Smallpox has been around forever; poxes generally even longer and they have infected everything from dolphins to grasshoppers with variations own individual strains.
Pox has such a massive DNA make-up at somepoint, could it have been the dominant species on the planet
As it can transmutate to just about any new host species, forever jumping to avoid eradication could it be that the pox actually predates everything else?
Could it be the reason for it's ability to jump so successfully is because it has in its' overall lifetime met everything further down the evolutionary order so it has a genetic memory making it easier to stick in the new host?

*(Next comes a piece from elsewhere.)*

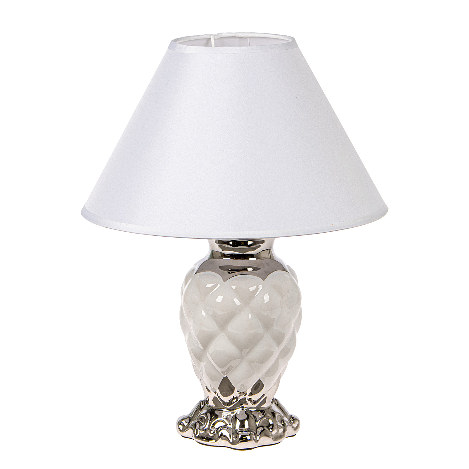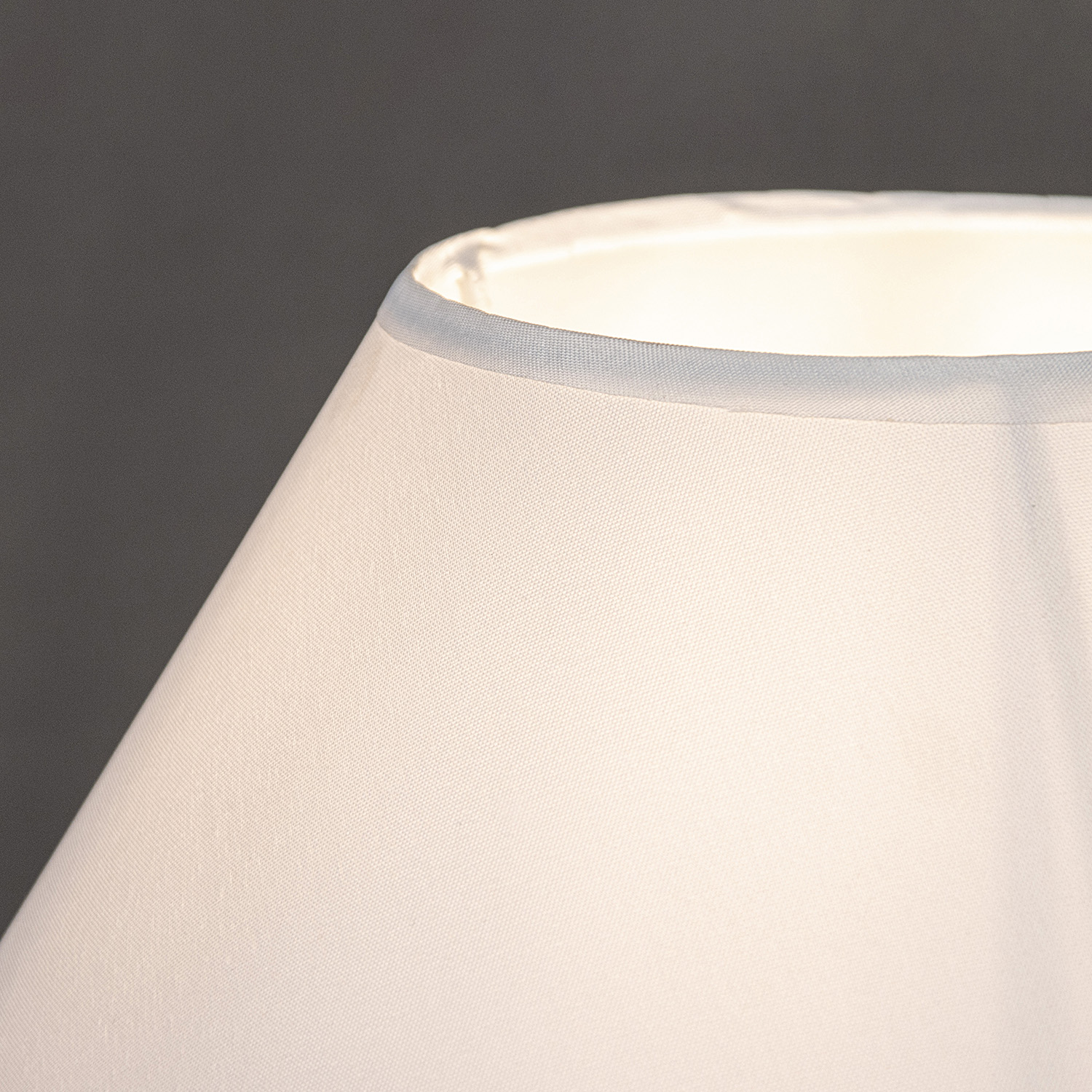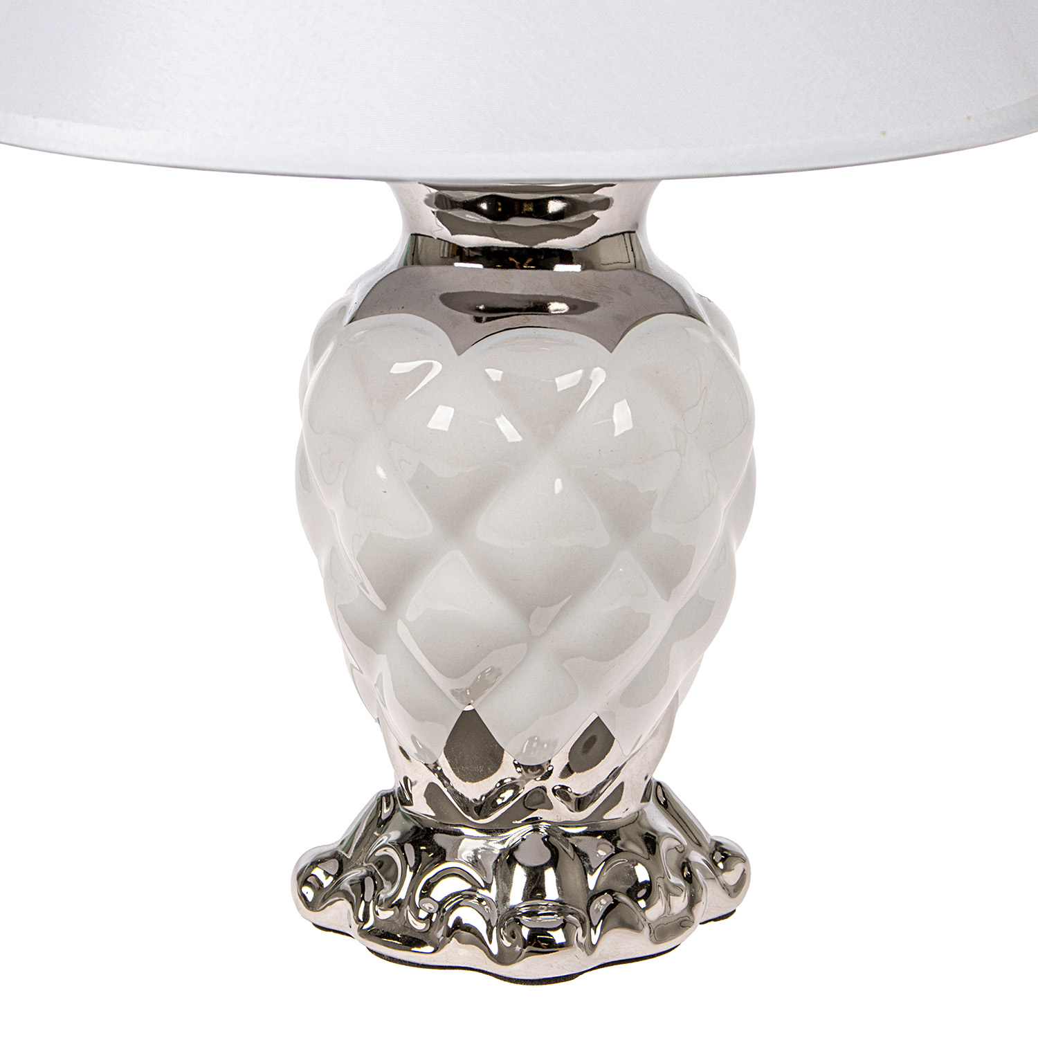 вид-светильник с абажуром, стиль-классика, высота изделия, 340мм, диаметр изделия, 260мм, материал основания-керамика, цвет основания белый, материал плафона-текстиль, цвет плафона-белый, степень защиты IP20, Макс. площадь помещения, 1 м2.

What came first: Viruses or their hosts?software
It is very quickly apparent from sequence studies that there can have been no single origin of viruses as organisms. For instance, there is no obvious way one can relate viruses of the size and complexity of the Poxviridae [double-stranded linear DNA,130-375 kb, 150-300 genes] with viruses like the tobamoviruses [ss linear RNA, 6-7 kb, 4 genes], or either of these with the Geminiviridae [ss circular DNA, 2.7 - 5.4 kb, 3-7 genes]. Thus, there can be no simple ''family tree'' for viruses; rather, their evolutionary descent must resemble a number of scattered ''bushes''. Viruses as a class of organism must be therefore be considered to be polyphyletic in origins: that is, having a number of independent origins, almost certainly at different times, usually from cellular organisms.